You are what you eat: Gut bacteria share plant leftovers

When we eat plant products, we cannot always digest all their components. Instead, our gut bacteria love plant ploymers and start degrading and digesting them. And they share the leftover food with other bacteria, so that all of them together produce some very healthy molecules for us.

Can you imagine how bacteria in your gut sit together at a table and share their food leftovers with each other? 

No, but this is pretty much what happens there.

Okay, they might not sit at a table with napkins in their laps and fork and knife in hand. But bacteria do share food with each other and even feed each other with their leftovers. 

Not sure, how that might work? 

Read on to find out!

What’s in your plant food?

If you are like most people and eat a healthy balanced diet, you will probably eat a lot of plant products, including vegetables and fruits.

But think about what plants are actually made of: Their cell walls are extremely rigid and sturdy because plants need to be stable to withstand different weather conditions. So, to stabilise a vegetable or fruit, they have complex walls that we can barely digest.

And yet, they are some of the best foods you can eat…

While our own digestive system is struggling to break down plant material, we can always rely on the microbial friends in our guts. They have the necessary tools and superpowers to break up plant material, digest plant food and help us get the best from it.

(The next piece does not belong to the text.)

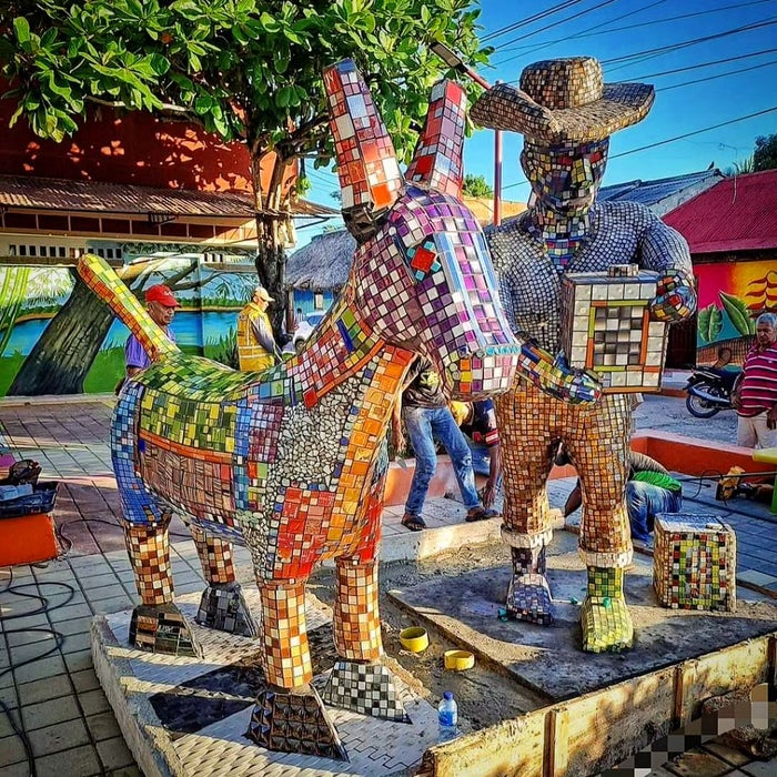 El barrio donde está ubicado el monumento, el parque El Trébol, nuevo hogar de la burra, se transformó en su totalidad para darle la bienvenida a esta escultura, las casas de palma ubicadas en este sector se convirtieron en lienzo, donde se plasmaron coloridos paisajes para ir acordes a los tonos de la escultura hecha con Trozos de porcelanas de colores fuertes.

But none of them can do it on their own. Also, bacteria work together and share their food to achieve that.

Let’s look at how food-sharing works between bacteria and which plant components they are digesting for us.

Arabinogalactan – a complex glycan from plants

To stabilise plant cells and make them sturdy, long and complex molecules are part of most plant cells. These are often glycans that are complex polymers with one main chain and many different side-chain branches

And one of these complex plant glycans is arabinogalactan – or short AG.

AG consists of very long main chains made of the same sugar molecules. And each sugar molecule consists of a ring of 5 carbon atoms. Now, these carbon atoms link to carbon atoms within the same sugar but also to carbon atoms in the next sugar.

So, within the main chain, the sugars are all linked to each other via the so-called 1,3-bond. This means, that the carbon atom at position 1 links to the next sugar molecule via the carbon atom at position 3. And between these two carbon atoms sits an oxygen atom. 

Okay, so far for the main chain.

The side chains consist of different sugar molecules. Hence, the bonds between them are different. 

Plus, the side chain is connected to the main chain via a different bond – the 1,6 bond. This means, that the carbon at position 1 from the sugar molecule of the side chain binds to the carbon at position 6 of the sugar molecule of the main chain.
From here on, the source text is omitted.